But just as Arnold said, it’s not a tumor. And while that example might be a tad exaggerated, I’ve certainly had this type of half-awake, neurotic, cyberchondria once or twice in my life. Though the above situation was more likely caused by one too many glasses of wine and a refusal to admit to a hangover.

Nevertheless, the concept of self-diagnosis is an ever-growing phenomenon in this digital age.

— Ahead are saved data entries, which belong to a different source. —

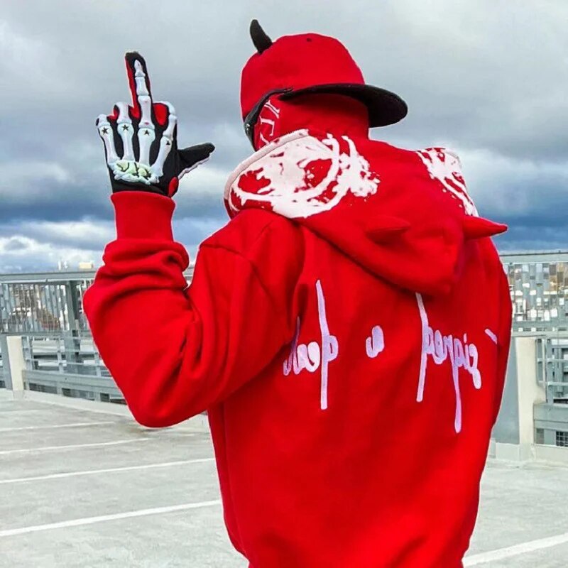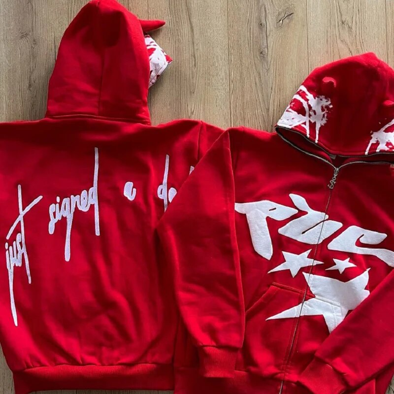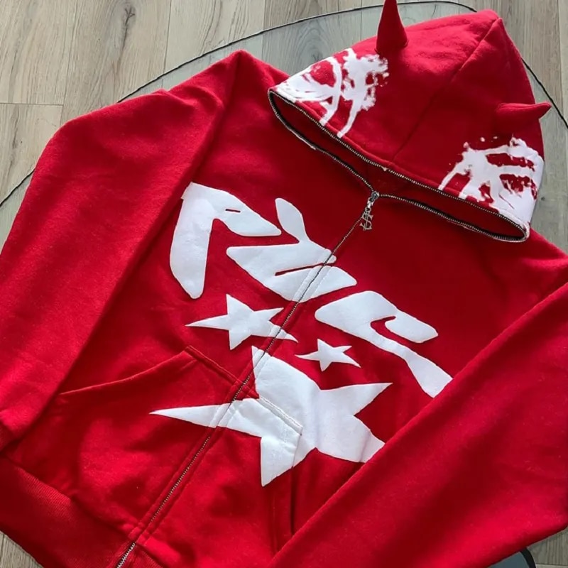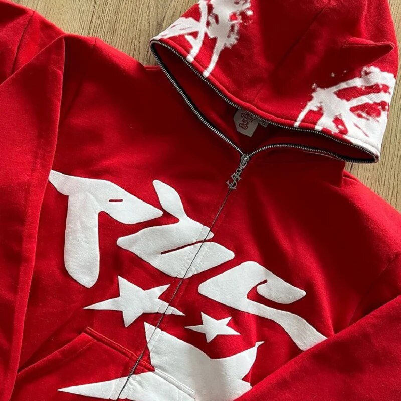 Red Hoodie Print Zip Up Hoodies Hip Hop Loose Grunge Hooded Sweatshirt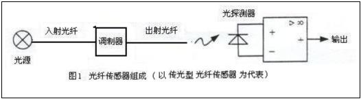 ??????? 光纖傳感器一般是由光源、接口、光導(dǎo)纖維、光調(diào)制機(jī)構(gòu)、光電探測(cè)器和信號(hào)處理系統(tǒng)等部分組成。來自光源的光線,通過接口進(jìn)入光纖,然后將檢測(cè)的參數(shù)調(diào)制成幅度、相位、色彩或偏振信息,最后利用微處理器進(jìn)行信息處理。概括光纖傳感器一般由三部分組成,除光纖之外,還必須有光源和光探測(cè)器兩個(gè)重要部件,見圖1所示。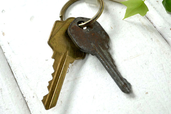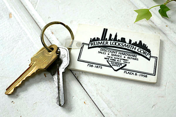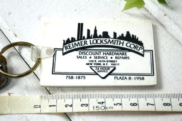 ”REIMER LOCKSMITH CORP・DISCOUNT HARDWARE・NY 10017” アドバタイジング ・ヴィンテージ ・キーホルダー&古鍵 2本付きです。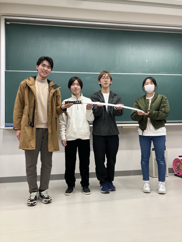[Participating students and the reproduced famous sword “Dojigiri”]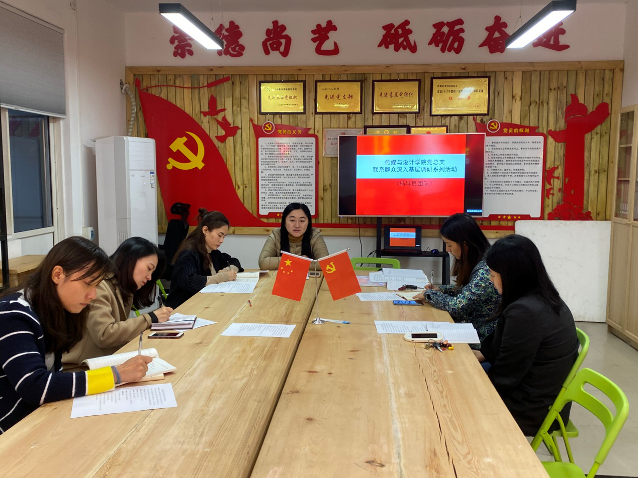 2019年11月1日下午4:30,传媒与设计学院党总支书记陈春燕同志和所有总支委员走进辅导员团队,围绕学工支部党建工作重点,开展了以“密切联系群众,深入基层调研”为主题的调研活动。会议由总支纪检委员苏丹同志主持,宣传委员葛璇同志做会议记录,学生科向晗璐等4名辅导员同志参加调研会议,大家畅所欲言,深入交流。

According to a survey conducted by The Pew Research Center, over 35% of Americans in 2012 had gone online to diagnose themselves, and more than a third never confirmed that diagnosis with a doctor. What’s worse: some 30% of self-diagnosed women have admitted to purchasing and consuming medication for their supposed illness, without a consultation. That’s the part that shocks me. Sure, I might convince myself I have a pet-dander allergy, but that does not mean I trust my diagnostic abilities enough to assault my leg up with an EpiPen.

But it does happen. And those working in the healthcare industry appear to be the worst culprits—after all, we live and breathe this stuff; it shouldn’t be hard to tell if we have chronic migraines, or insomnia, or endocarditis, right? Our increased level of knowledge mixed with a splash of arrogance is just enough to convince us that there is little a PCP’s gonna tell us that we don’t already know.

And while the hyperbolic, often terminal, self-diagnoses are more my style, physicians say they are more concerned with the prevalence of under-diagnosis among systematic Googlers—as we all know, convincing oneself that a rash is just a rash, or numbness is just an innocent side effect can have irreparable effects.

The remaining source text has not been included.